What you should do:
Word for word, copy all the data and drop the pictures.

Collected data Start Marker

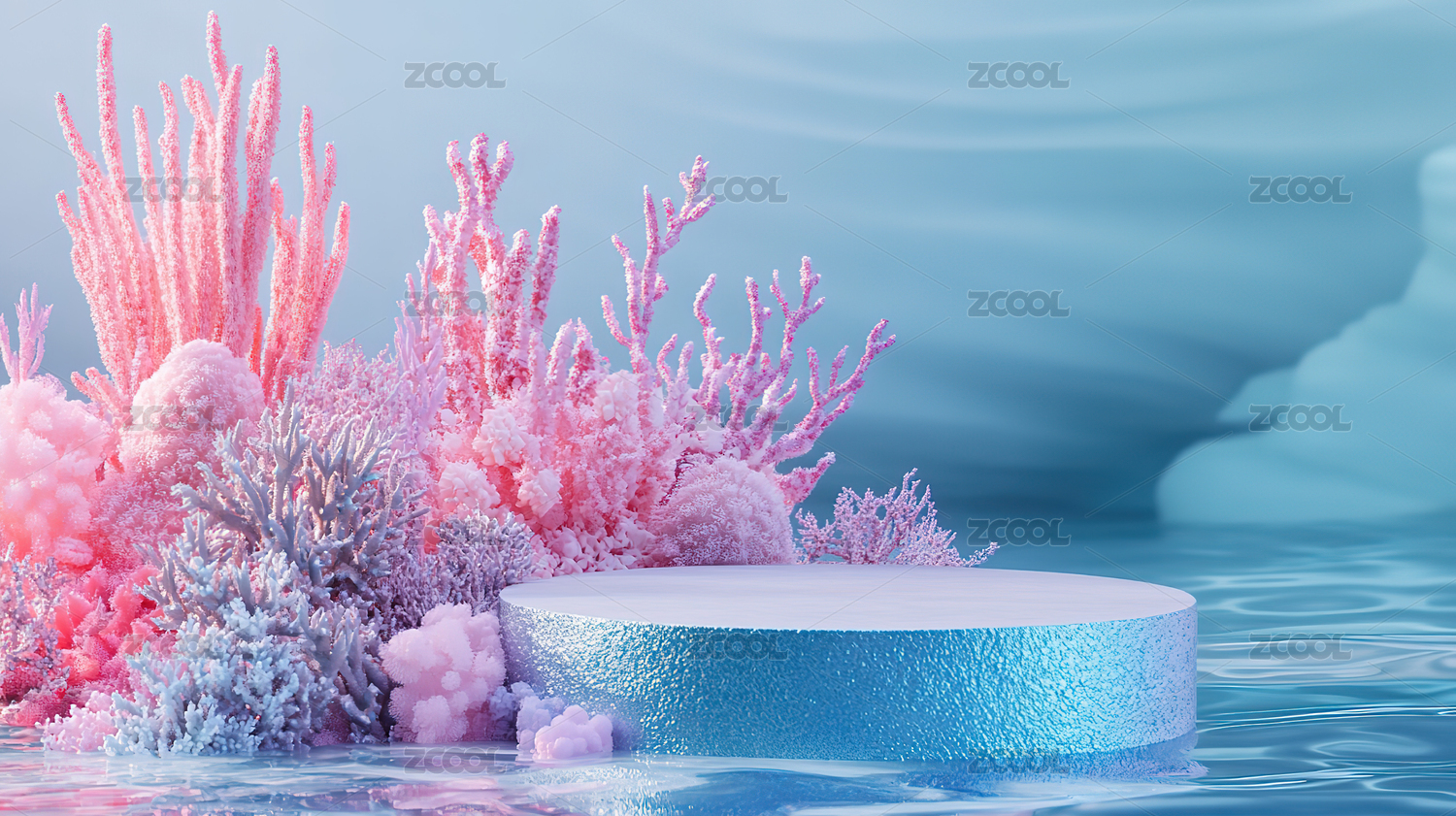 海洋主题圆形电商产品展台3D场景
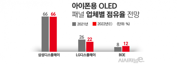 올해 아이폰용 OLED 공급망에서 삼성디스플레이와 BOE의 점유율 전망치는 전년 수준을 유지하거나 증가했다. 옴디아는 삼성디스플레이 점유율을 지난해와 동일한 66%, BOE는 전년(8%) 대비 4%포인트 증가한 12%로 전망했다. 올해 아이폰용 OLED 패널 물량이 전년보다 3000만개 가까이 증가할 것이란 점을 감안하면, 삼성디스플레이와 BOE 공급량은 각각 2000만개와 1000만개 이상 늘어난단 관측이다.
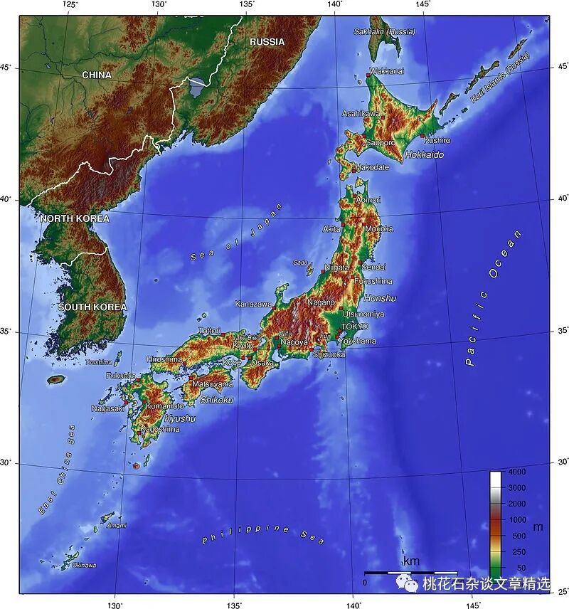 日本的地形图,从中可以看到日本的山地丘陵占有多大比例
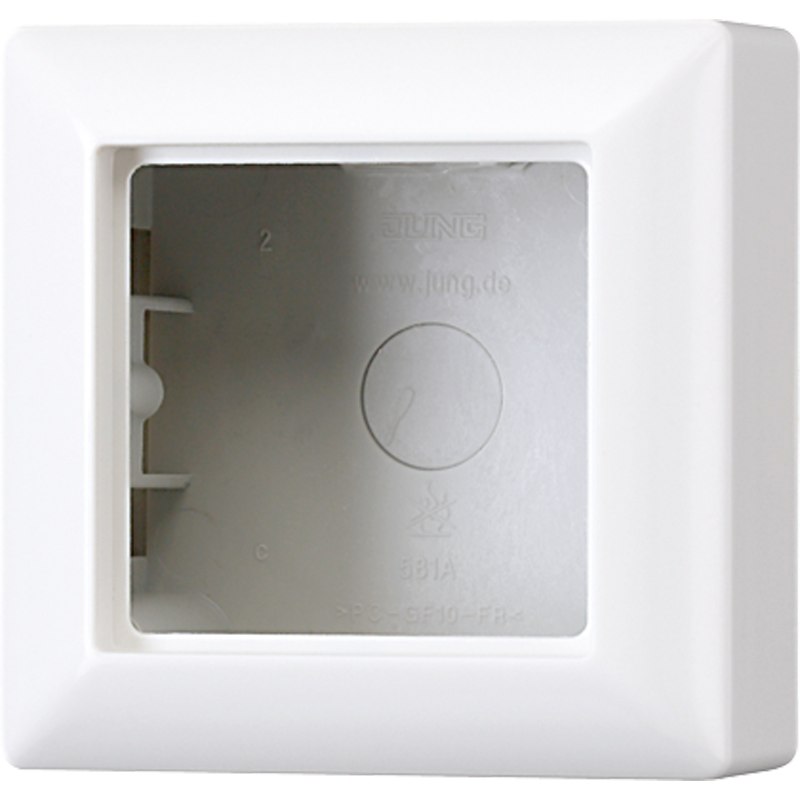 Коробка Systeme Electric (ранее Schneider Electric) серии Glossa (цвет платина) наружного монтажа. — Позволяет установить любую функцию скрытого монтажа на стену (как изделие открытого монтажа). — Выполнена из материала PС+ASA, стойкого к УФ-излучению и появлению царапин.

Collected data End Marker

Finished task:
 海洋主题圆形电商产品展台3D场景
 올해 아이폰용 OLED 공급망에서 삼성디스플레이와 BOE의 점유율 전망치는 전년 수준을 유지하거나 증가했다. 옴디아는 삼성디스플레이 점유율을 지난해와 동일한 66%, BOE는 전년(8%) 대비 4%포인트 증가한 12%로 전망했다. 올해 아이폰용 OLED 패널 물량이 전년보다 3000만개 가까이 증가할 것이란 점을 감안하면, 삼성디스플레이와 BOE 공급량은 각각 2000만개와 1000만개 이상 늘어난단 관측이다.
 日本的地形图,从中可以看到日本的山地丘陵占有多大比例
 Коробка Systeme Electric (ранее Schneider Electric) серии Glossa (цвет платина) наружного монтажа. — Позволяет установить любую функцию скрытого монтажа на стену (как изделие открытого монтажа). — Выполнена из материала PС+ASA, стойкого к УФ-излучению и появлению царапин.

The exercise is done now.